Тому капитану в награду подарили враги большой трехмачтовый корабль. Собрал он подонков вроде себя, пошли они в море. Когда огибали мол, увидели одинокую женщину. Женщина стояла на конце мола, седые волосы распущены, тучи черные касались ее головы. Женщина кричала морю какие-то слова свои, но их не было слышно. И вдруг сверкнула молния, громом разнеслось над морем: «Я твоя мать, капитан, я проклинаю тебя!» И еще ударила молния. Тучи смешались с волнами, проглотили корабль…
О проклятом корабле говорили разное. Говорили, что иногда он появляется. Все пытается пристать к берегу, но как только подойдет, сверкает молния, поднимается буря, гонит тот корабль прочь. Говорят, что его встречали в море. Паруса на нем рваные, люди заросшие, в лохмотьях. Так и бродят они не прощенные вот уже сотни лет. Потому что не может быть прощения предательству, потому что никто не может снять проклятие матери.

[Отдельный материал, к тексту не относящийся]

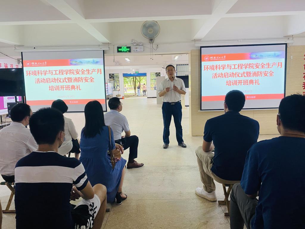 为进一步深化我院安全教育工作,持续提升学院安全教育水平和师生安全意识。6月18日下午,我院在教8栋负一楼“安全教育基地”举行安全生产月活动启动仪式暨消防安全培训班开班典礼。学校党委常委、副校长王敦球,学院党政领导班子,各教研室、实验室教师代表及学院研究生、本科生学生代表共计80余人参加活动,活动由学院党委姜子亮书记主持。

Для меня рассказывал легенды дядя Паша, я это чувствовал. Он знал, что погибнет, торопился поведать мне многое из морской жизни. Ведь именно после его рассказов и поселилась во мне мечта.
О друзьях-товарищах
Затянулось мое ненастье. Несу ящик. Этот ящик гнет меня к земле. Я пытаюсь приспособиться. Вес ящика регулирую наклоном собственного тела. Согнешься больше — придавит, распрямишься — не держат руки.
— Кто же так носит, юноша? — останавливает меня Кедубец и подсказывает: — Не гнитесь, юноша, зачем пахать носом землю. В ящике всего семьдесят килограммов нетто. Так… Чуть согнулись… Вы слышите, юноша, чуть… Ящик упирается в ваши руки, лежит ровно вдоль всей спины… Хорошо, трогай! Представь себе, что несешь посылку от любимой…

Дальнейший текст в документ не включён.